*** Data provided Section Begins ***

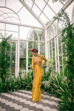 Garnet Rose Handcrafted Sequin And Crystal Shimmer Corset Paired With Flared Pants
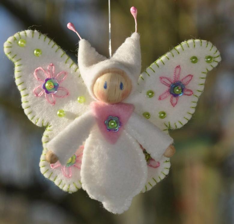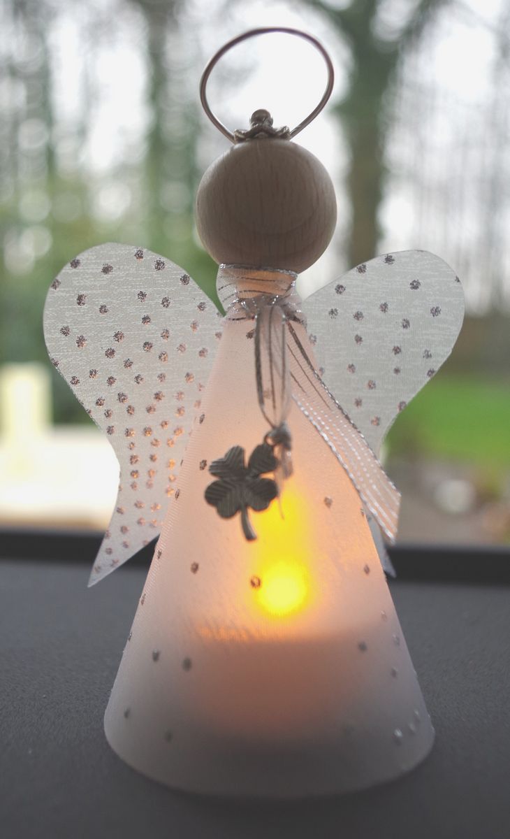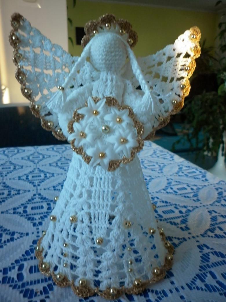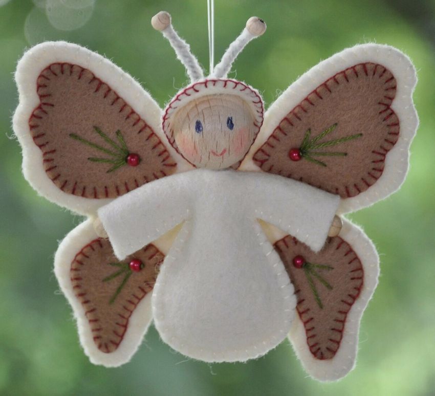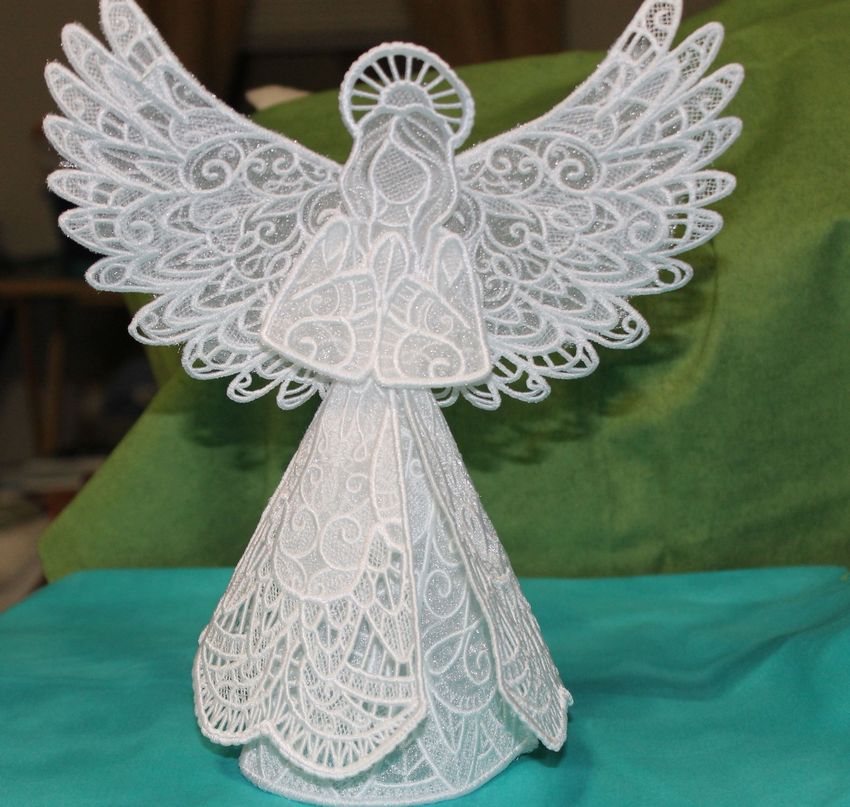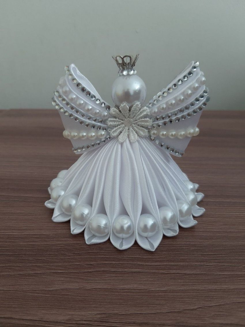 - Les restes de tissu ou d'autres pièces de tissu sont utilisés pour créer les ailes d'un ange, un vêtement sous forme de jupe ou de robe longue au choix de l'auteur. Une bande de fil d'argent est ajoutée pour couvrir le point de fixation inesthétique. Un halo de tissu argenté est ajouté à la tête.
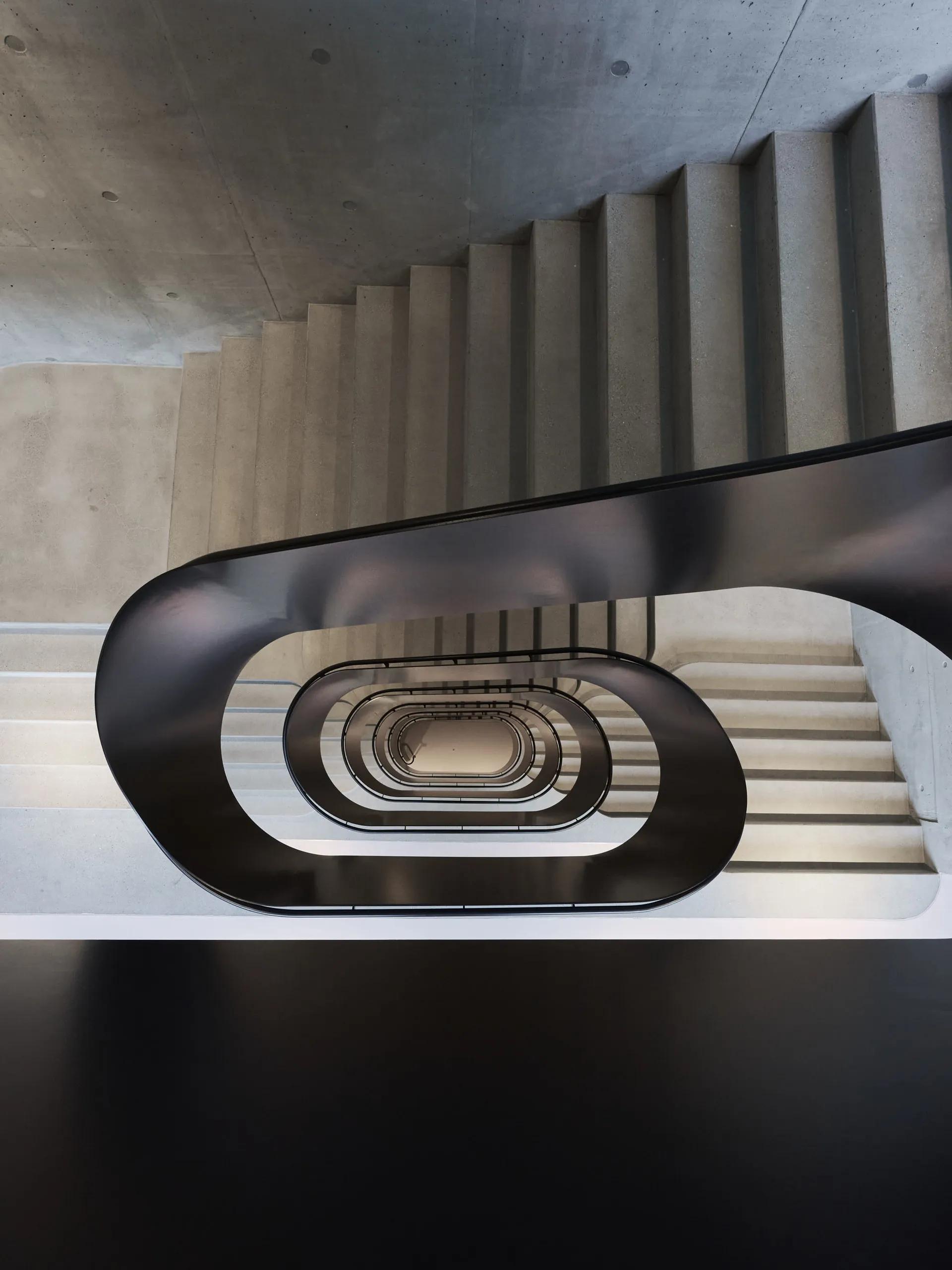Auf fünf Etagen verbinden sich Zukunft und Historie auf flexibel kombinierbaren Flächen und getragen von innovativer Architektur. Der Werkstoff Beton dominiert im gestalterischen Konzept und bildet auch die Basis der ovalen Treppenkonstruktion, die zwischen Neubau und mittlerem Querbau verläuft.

*** Data provided Section Ends ***

• _Requirement_
Copy the listing above verbatim; the pictures it contains are to stay out.

• _Solved exercise_
 Garnet Rose Handcrafted Sequin And Crystal Shimmer Corset Paired With Flared Pants
 - Les restes de tissu ou d'autres pièces de tissu sont utilisés pour créer les ailes d'un ange, un vêtement sous forme de jupe ou de robe longue au choix de l'auteur. Une bande de fil d'argent est ajoutée pour couvrir le point de fixation inesthétique. Un halo de tissu argenté est ajouté à la tête.
Auf fünf Etagen verbinden sich Zukunft und Historie auf flexibel kombinierbaren Flächen und getragen von innovativer Architektur. Der Werkstoff Beton dominiert im gestalterischen Konzept und bildet auch die Basis der ovalen Treppenkonstruktion, die zwischen Neubau und mittlerem Querbau verläuft.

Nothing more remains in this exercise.